In [7]:
import os
import pandas as pd

In [2]:
raw = pd.read_excel(
  '../../data/reference/Copy of NatCen 2023 - Administrative data on factors associated with youth NEET rates - Dataset.xlsx',
  sheet_name='Local Authority Data',
  
).set_index(['Local Authority Code', 'Local Authority Name', 'Group'])

raw.columns = raw.columns.str.strip()

In [3]:
def z_score(series: pd.Series):
    return (series - series.mean()) / series.std()

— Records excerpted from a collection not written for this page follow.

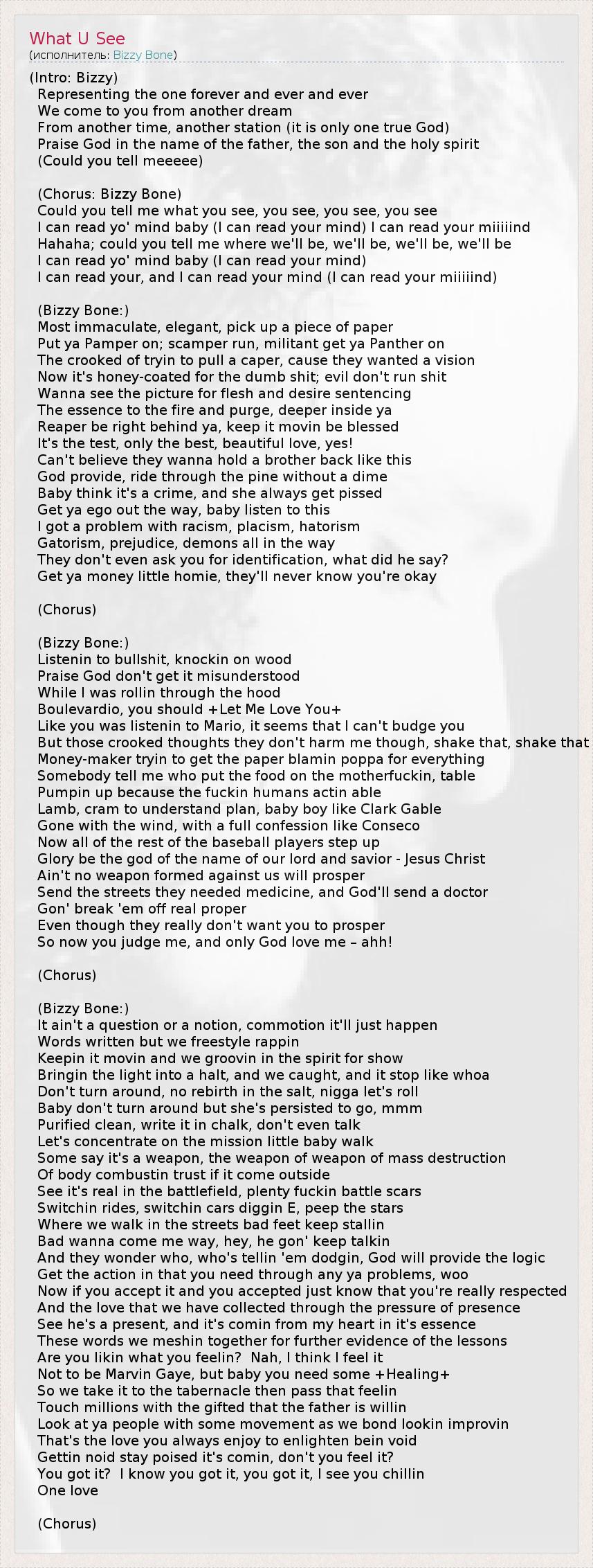 (Intro: Bizzy) Representing the one forever and ever and ever We come to you from another dream From another time, another station (it is only one true God) Praise God in the name of the father, the son and the holy spirit (Could you tell meeeee) (Chorus: Bizzy Bone) Could you tell me what you see, you see, you see, you see I can read yo' mind baby (I can read your mind) I can read your miiiiind Hahaha; could you tell me where we'll be, we'll be, we'll be, we'll be I can read yo' mind baby (I can read your mind) I can read your, and I can read your mind (I can read your miiiiind) (Bizzy Bone:) Most immaculate, elegant, pick up a piece of paper Put ya Pamper on; scamper run, militant get ya Panther on The crooked of tryin to pull a caper, cause they wanted a vision Now it's honey-coated for the dumb shit; evil don't run shit Wanna see the picture for flesh and desire sentencing The essence to the fire and purge, deeper inside ya Reaper be right behind ya, keep it movin be blessed It's the test, only the best, beautiful love, yes! Can't believe they wanna hold a brother back like this God provide, ride through the pine without a dime Baby think it's a crime, and she always get pissed Get ya ego out the way, baby listen to this I got a problem with racism, placism, hatorism Gatorism, prejudice, demons all in the way They don't even ask you for identification, what did he say? Get ya money little homie, they'll never know you're okay (Chorus) (Bizzy Bone:) Listenin to bullshit, knockin on wood Praise God don't get it misunderstood While I was rollin through the hood Boulevardio, you should +Let Me Love You+ Like you was listenin to Mario, it seems that I can't budge you But those crooked thoughts they don't harm me though, shake that, shake that Money-maker tryin to get the paper blamin poppa for everything Somebody tell me who put the food on the motherfuckin, table Pumpin up because the fuckin humans actin able Lamb, cram to understand plan, baby boy like Clark Gable Gone with the wind, with a full confession like Conseco Now all of the rest of the baseball players step up Glory be the god of the name of our lord and savior - Jesus Christ Ain't no weapon formed against us will prosper Send the streets they needed medicine, and God'll send a doctor Gon' break 'em off real proper Even though they really don't want you to prosper So now you judge me, and only God love me – ahh! (Chorus) (Bizzy Bone:) It ain't a question or a notion, commotion it'll just happen Words written but we freestyle rappin Keepin it movin and we groovin in the spirit for show Bringin the light into a halt, and we caught, and it stop like whoa Don't turn around, no rebirth in the salt, nigga let's roll Baby don't turn around but she's persisted to go, mmm Purified clean, write it in chalk, don't even talk Let's concentrate on the mission little baby walk Some say it's a weapon, the weapon of weapon of mass destruction Of body combustin trust if it come outside See it's real in the battlefield, plenty fuckin battle scars Switchin rides, switchin cars diggin E, peep the stars Where we walk in the streets bad feet keep stallin Bad wanna come me way, hey, he gon' keep talkin And they wonder who, who's tellin 'em dodgin, God will provide the logic Get the action in that you need through any ya problems, woo Now if you accept it and you accepted just know that you're really respected And the love that we have collected through the pressure of presence See he's a present, and it's comin from my heart in it's essence These words we meshin together for further evidence of the lessons Are you likin what you feelin? Nah, I think I feel it Not to be Marvin Gaye, but baby you need some +Healing+ So we take it to the tabernacle then pass that feelin Touch millions with the gifted that the father is willin Look at ya people with some movement as we bond lookin improvin That's the love you always enjoy to enlighten bein void Gettin noid stay poised it's comin, don't you feel it? You got it? I know you got it, you got it, I see you chillin One love (Chorus)
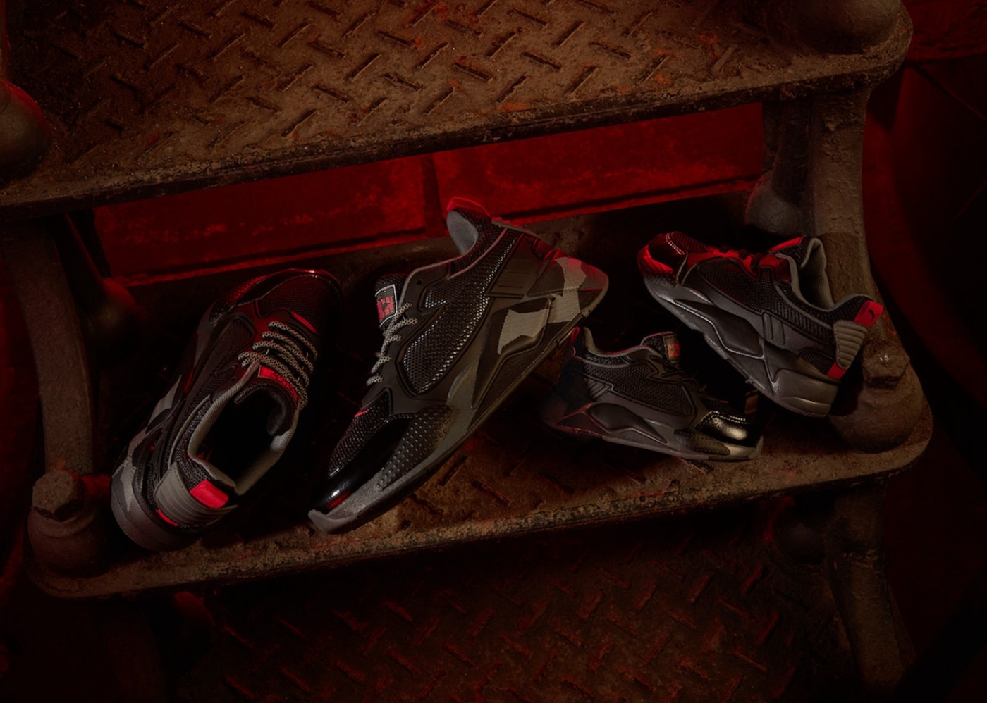 两双 PUMA Court Rider,均以黑红色为主体框架,在不同位置上都有蝙蝠徽章的图案。
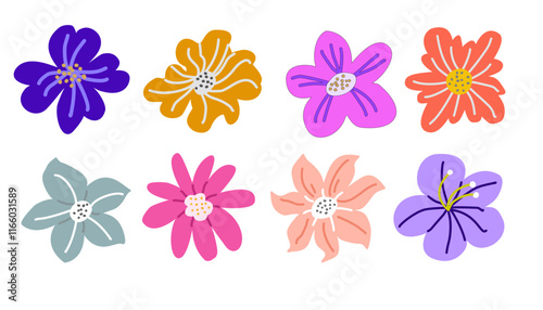 set of colorful flowers for pattern , flat organic flower element set
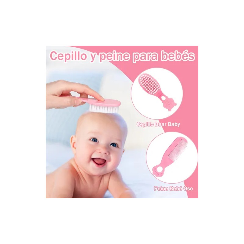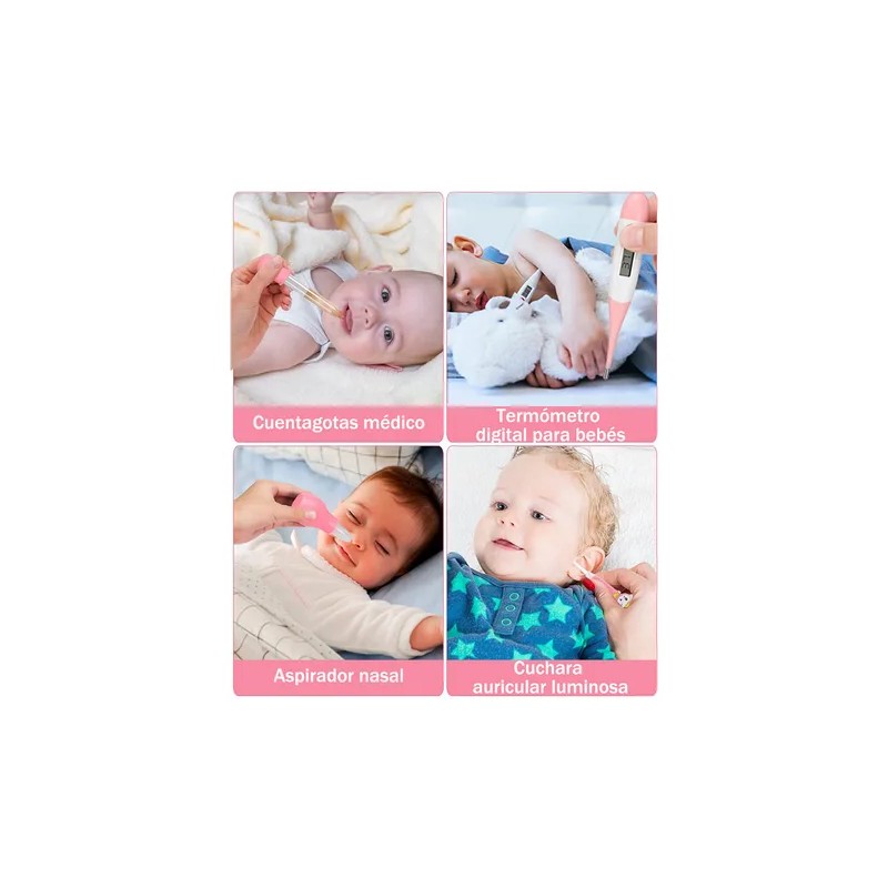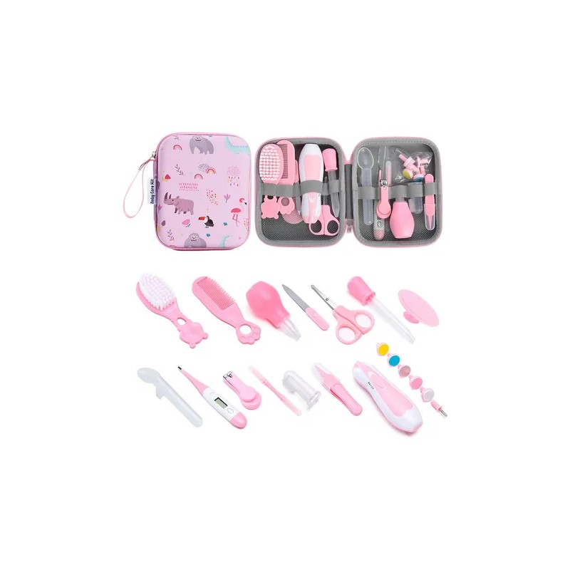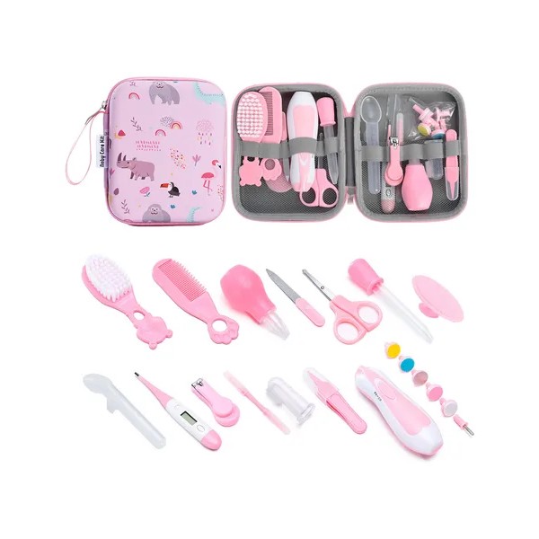 Incluye un conjunto de cepillo de bebé, peine del bebé, termómetro digital, clip de chupete, cortaúñas, lima de uñas, aspirador nasal, tijeras redondeadas de seguridad, cepillo de dientes, pinzas, gotero medicamento, cuchara oído led y bolsa de transporte. Tiene lo esencial que pueda necesitar para el cuidado de su bebé recién nacido.
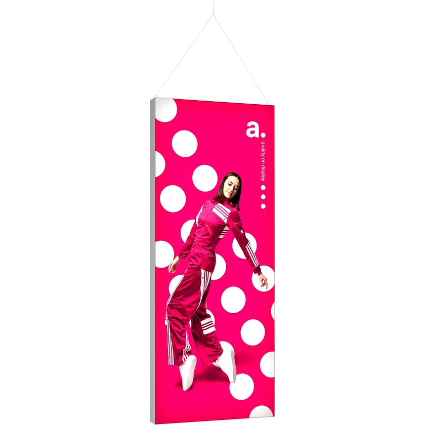 Enorm ljuslåda som man hänger från taket. Perfekt för mässan! Ljuslådan är försedd med ett toppmodernt system av LED-lampor som lyser upp hela motivet från sidorna. Ditt motiv trycks på ett polyestertyg med en speciell tryckmetod som ger skarpa detaljer och klara färger. Motivet placeras på ljuslådans båda sidor. Önskar du förnya motivet i framtiden beställer du bara ett nytt tyg från oss.
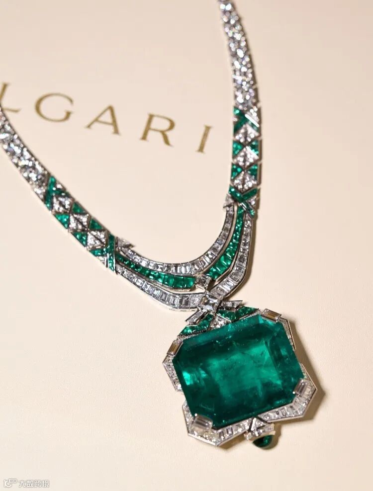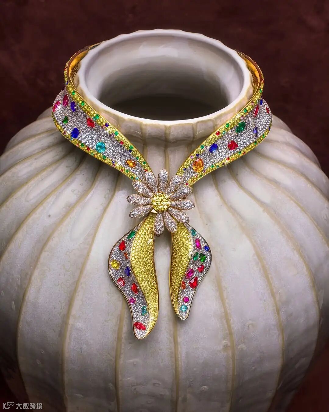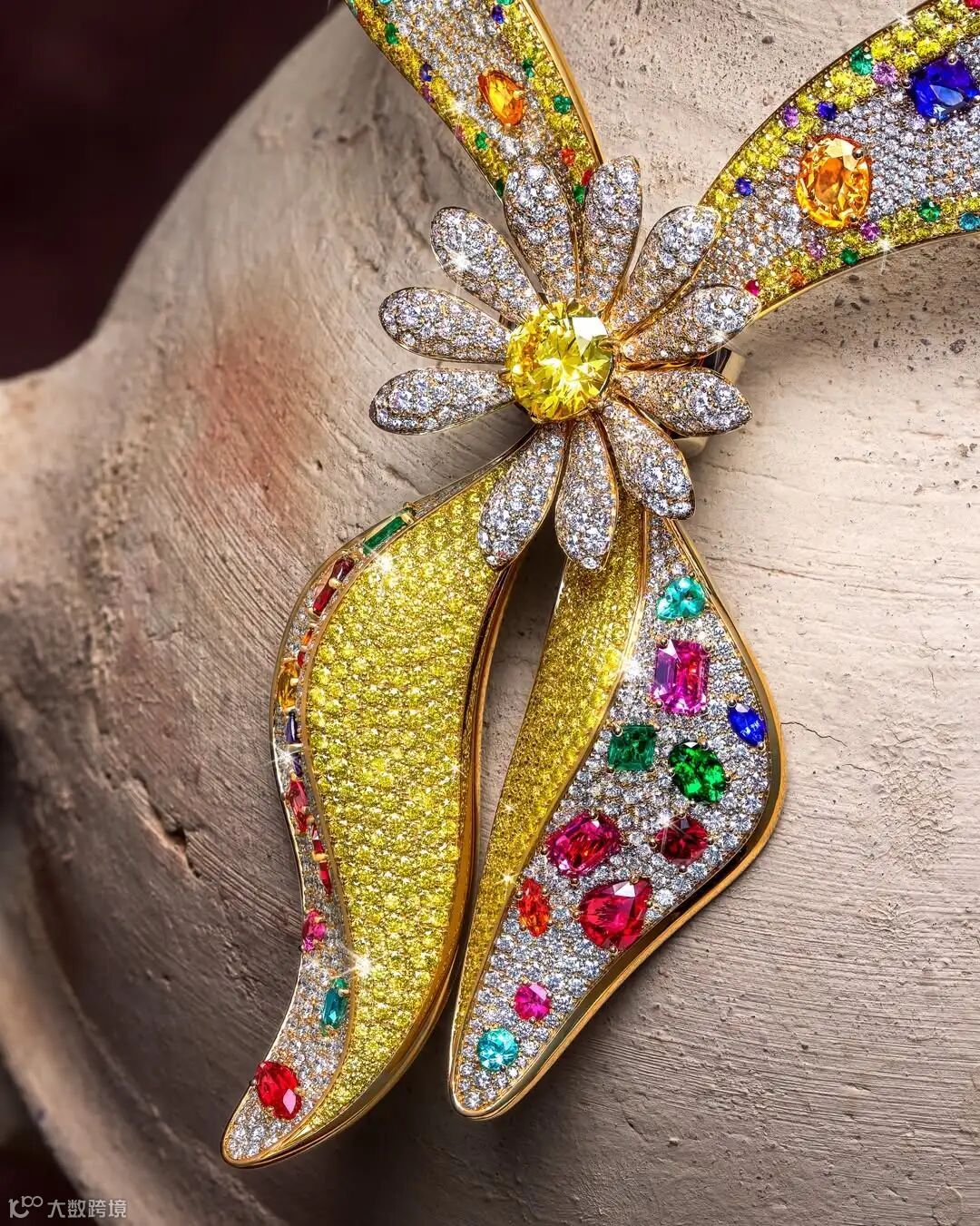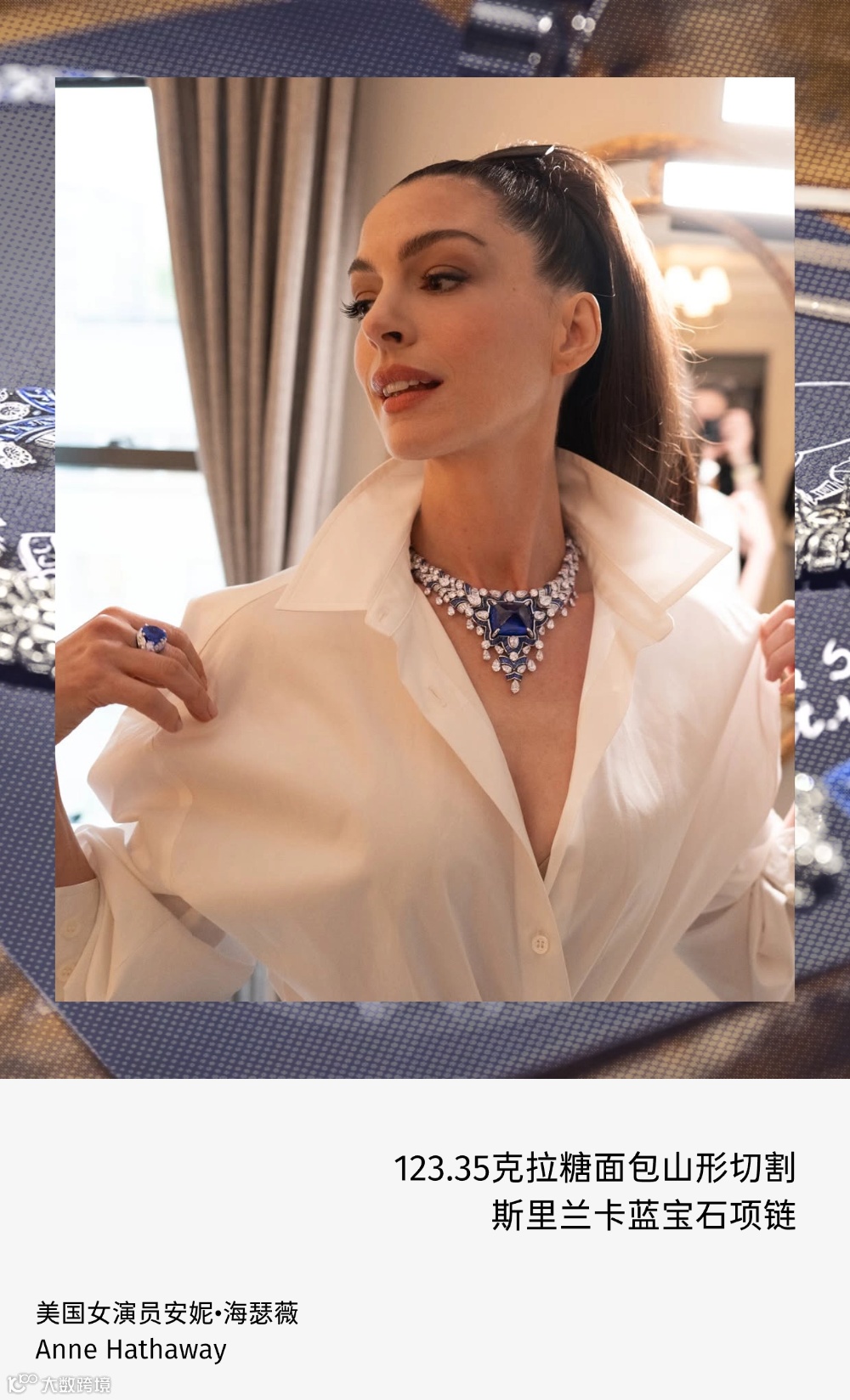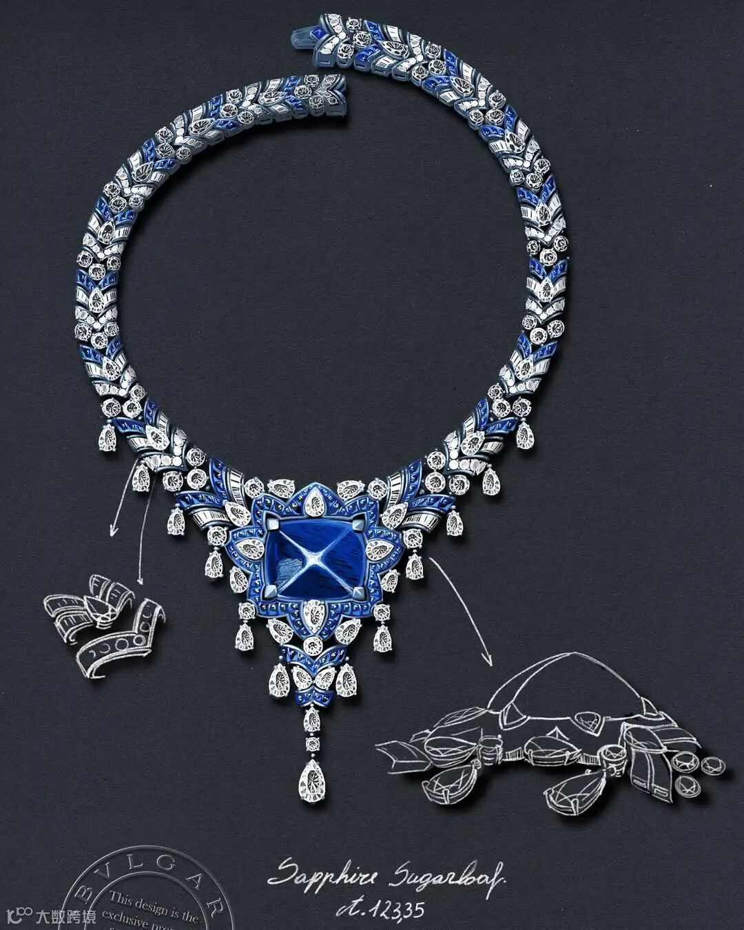 整条项链耗时1500多个小时精心锻造而成,蓝宝石作为主石象征着标志性的罗马穹顶。除此之外,项链上还镶嵌着331颗定制切割的蓝宝石和梨形钻石,所有宝石和谐交融,共同构成了一幅蓝色星空与罗马宏伟建筑交相辉映的画卷。

def construct_weights(df, weighting=2):
    w = pd.Series(1, index=df.columns)
    key_metrics = [
      'Qualification below level 2 (age 16-24)',
      'Pupils with SEN support',
      'Disability (age < 25)',
      'IMD Health',
      'Economic inactivity (NEET)'
    ]
    w.loc[w.index.isin(key_metrics)] = weighting
    return w

def weighted_average(df, column_weights):
    res = df.mul(column_weights.to_dict()) / column_weights.sum()
    return res.sum(axis=1)

def score(df):
    total = pd.Series(df.sum(axis=1), name='Total Score')
    double_weighted = pd.Series(df.pipe(weighted_average, df.pipe(construct_weights, 2)), name='Weighted scores (double)')
    triple_weighted = pd.Series(df.pipe(weighted_average, df.pipe(construct_weights, 3)), name='Weighted scores (triple)')

    return pd.concat([
        df, total, double_weighted, triple_weighted
    ], axis=1)

data = raw.apply(z_score).pipe(score)

In [8]:
os.makedirs('../../data/processed/yff/', exist_ok=True)
data.melt(ignore_index=False).to_csv('../../data/processed/yff/neet-factors.csv')